[Exercise material]

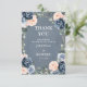 Cartão de agradecimento de casamento floral geométrico azul empoeirado com buquês elegantes de azul escuro / azul empoeirado, branco, rosa choque, rosa pêssego e folhas de eucalipto verde sálvia e moldura geométrica neutra com brilho elegante. Por favor, entre em contato para qualquer ajuda na personalização ou se precisar de qualquer outro produto com este design.
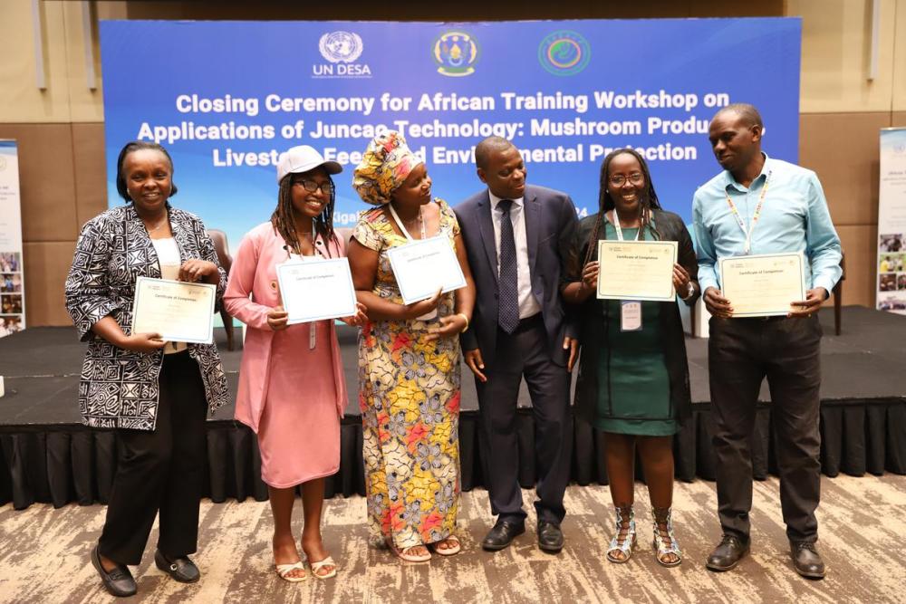 8月初,在非洲地區(qū)菌草技術(shù)培訓(xùn)班舉辦期間,聯(lián)合國(guó)官員和使團(tuán)代表團(tuán)專(zhuān)程赴盧旺達(dá)考察菌草技術(shù)和產(chǎn)業(yè)在非洲地區(qū)的發(fā)展?!拔液芨吲d同其他聯(lián)合國(guó)官員一起,親眼見(jiàn)證菌草技術(shù)以實(shí)際行動(dòng)造福民眾?!甭?lián)合國(guó)秘書(shū)長(zhǎng)辦公室主任考特尼·拉特雷說(shuō),菌草技術(shù)具有“可負(fù)擔(dān)”的突出優(yōu)勢(shì),“對(duì)非洲大陸所有發(fā)展中國(guó)家很有價(jià)值、非常適用”。
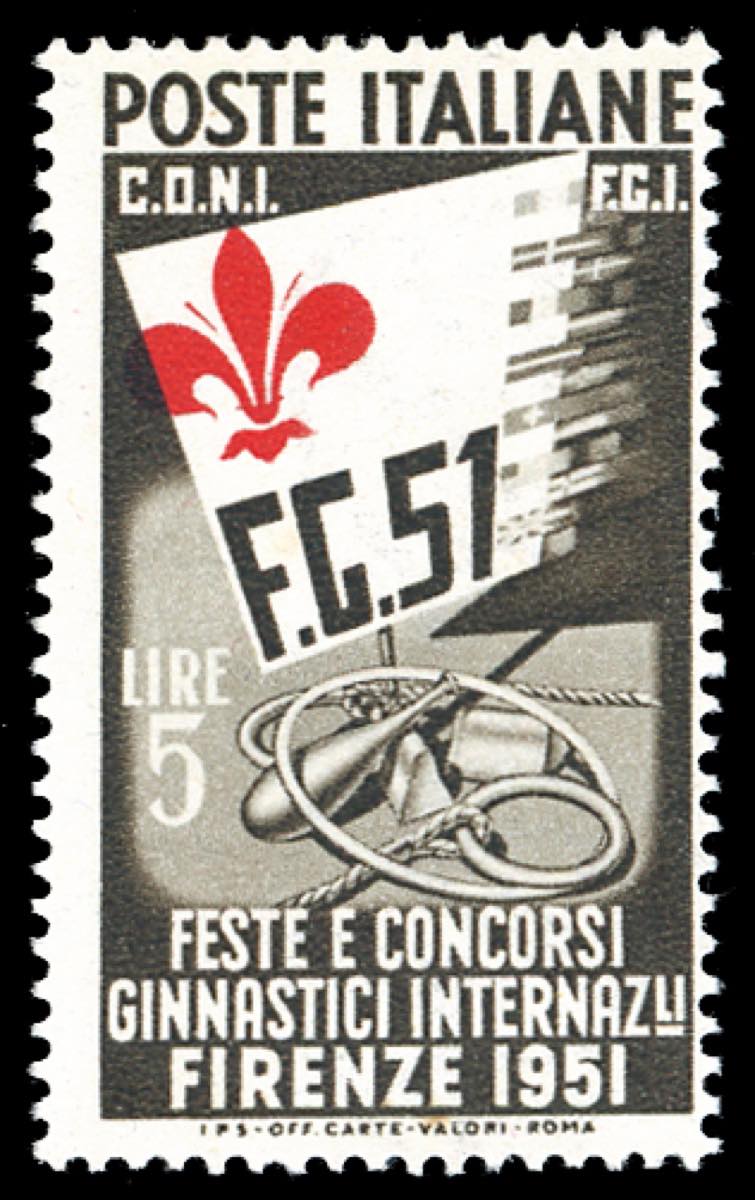 1951 - 5 lire Ginnici, stampa del giglio fortemente sposata a sinistra (661c), gomma originale integra, perfetto. Ferrario.
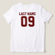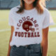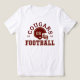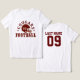 Personalizado Front and Back Football T-Shirt para Mamá - mostrado en White Design para las madres futbolísticas muestra un casco de fútbol con texto deportivo que se puede personalizar para el nombre del equipo, el apellido del hijo y su número de camiseta. Los colores dorado y rojo oscuro se pueden personalizar.
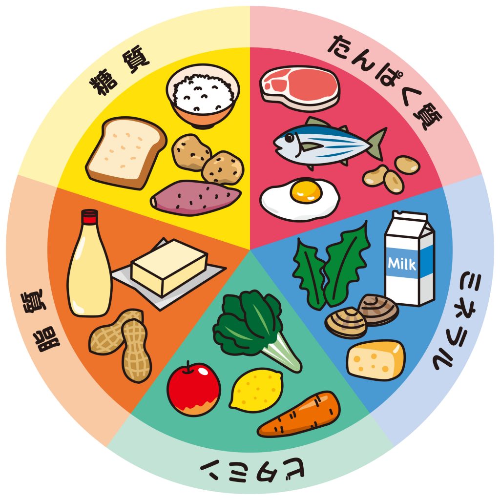 「5色バランス」とは、食べ物の色から栄養バランスを整える方法です。赤色の食べ物(体をつくる)、黄色の食べ物(エネルギー)、緑色の食べ物(体の調子を整える)の3色をベースに、白と黒の食べ物を加えた5色でバランスをとります。この5色の食べ物をバランスよく取り入れることで、自然と多様な栄養素を摂取することができ、見た目にも美しい食事を提供しましょう。
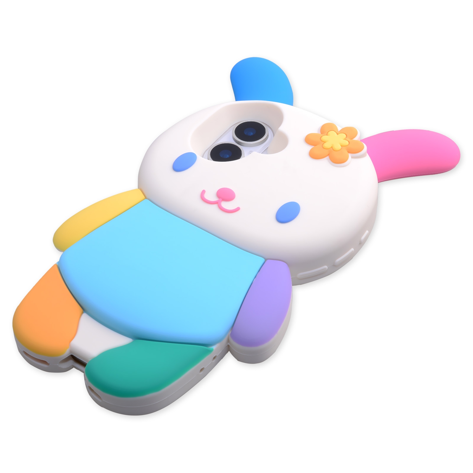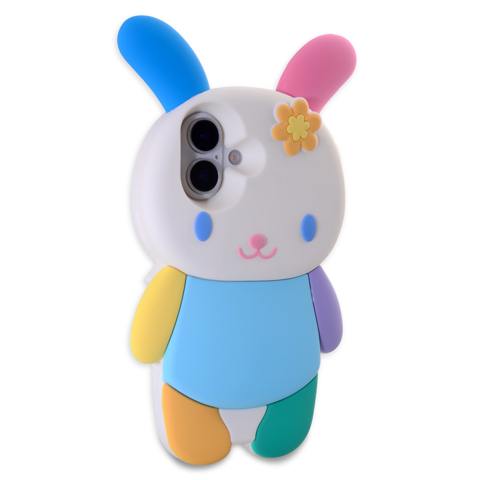 iPhone 16/17 Rabbit Silicone Protective Phone Case – Rainbow Color
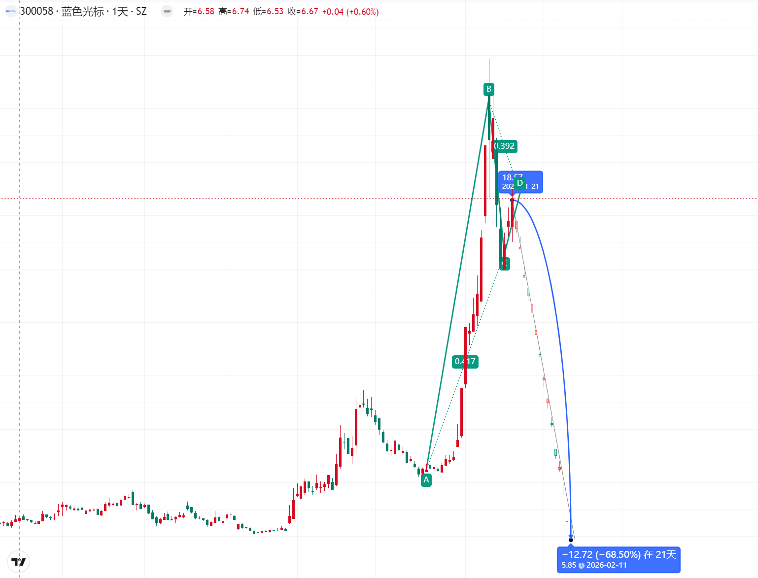 那个MACD看着好像刚金叉是吧?我告诉你们,这种高位的“水上金叉”最不靠谱,往往就是最后一波诱多。你再看看上面的压力位,20块钱那里的套牢盘像山一样厚,今天冲高根本没敢去碰那个压力区,说明多头根本就没底气,纯粹是虚晃一枪。

[/Exercise material]

*Problem to solve*:
Exact copies of all the entries are needed; output them without the pictures.

*Result of the exercise*:
 Cartão de agradecimento de casamento floral geométrico azul empoeirado com buquês elegantes de azul escuro / azul empoeirado, branco, rosa choque, rosa pêssego e folhas de eucalipto verde sálvia e moldura geométrica neutra com brilho elegante. Por favor, entre em contato para qualquer ajuda na personalização ou se precisar de qualquer outro produto com este design.
 8月初,在非洲地區(qū)菌草技術(shù)培訓(xùn)班舉辦期間,聯(lián)合國(guó)官員和使團(tuán)代表團(tuán)專(zhuān)程赴盧旺達(dá)考察菌草技術(shù)和產(chǎn)業(yè)在非洲地區(qū)的發(fā)展?!拔液芨吲d同其他聯(lián)合國(guó)官員一起,親眼見(jiàn)證菌草技術(shù)以實(shí)際行動(dòng)造福民眾?!甭?lián)合國(guó)秘書(shū)長(zhǎng)辦公室主任考特尼·拉特雷說(shuō),菌草技術(shù)具有“可負(fù)擔(dān)”的突出優(yōu)勢(shì),“對(duì)非洲大陸所有發(fā)展中國(guó)家很有價(jià)值、非常適用”。
 1951 - 5 lire Ginnici, stampa del giglio fortemente sposata a sinistra (661c), gomma originale integra, perfetto. Ferrario.
 Personalizado Front and Back Football T-Shirt para Mamá - mostrado en White Design para las madres futbolísticas muestra un casco de fútbol con texto deportivo que se puede personalizar para el nombre del equipo, el apellido del hijo y su número de camiseta. Los colores dorado y rojo oscuro se pueden personalizar.
 「5色バランス」とは、食べ物の色から栄養バランスを整える方法です。赤色の食べ物(体をつくる)、黄色の食べ物(エネルギー)、緑色の食べ物(体の調子を整える)の3色をベースに、白と黒の食べ物を加えた5色でバランスをとります。この5色の食べ物をバランスよく取り入れることで、自然と多様な栄養素を摂取することができ、見た目にも美しい食事を提供しましょう。
 iPhone 16/17 Rabbit Silicone Protective Phone Case – Rainbow Color
 那个MACD看着好像刚金叉是吧?我告诉你们,这种高位的“水上金叉”最不靠谱,往往就是最后一波诱多。你再看看上面的压力位,20块钱那里的套牢盘像山一样厚,今天冲高根本没敢去碰那个压力区,说明多头根本就没底气,纯粹是虚晃一枪。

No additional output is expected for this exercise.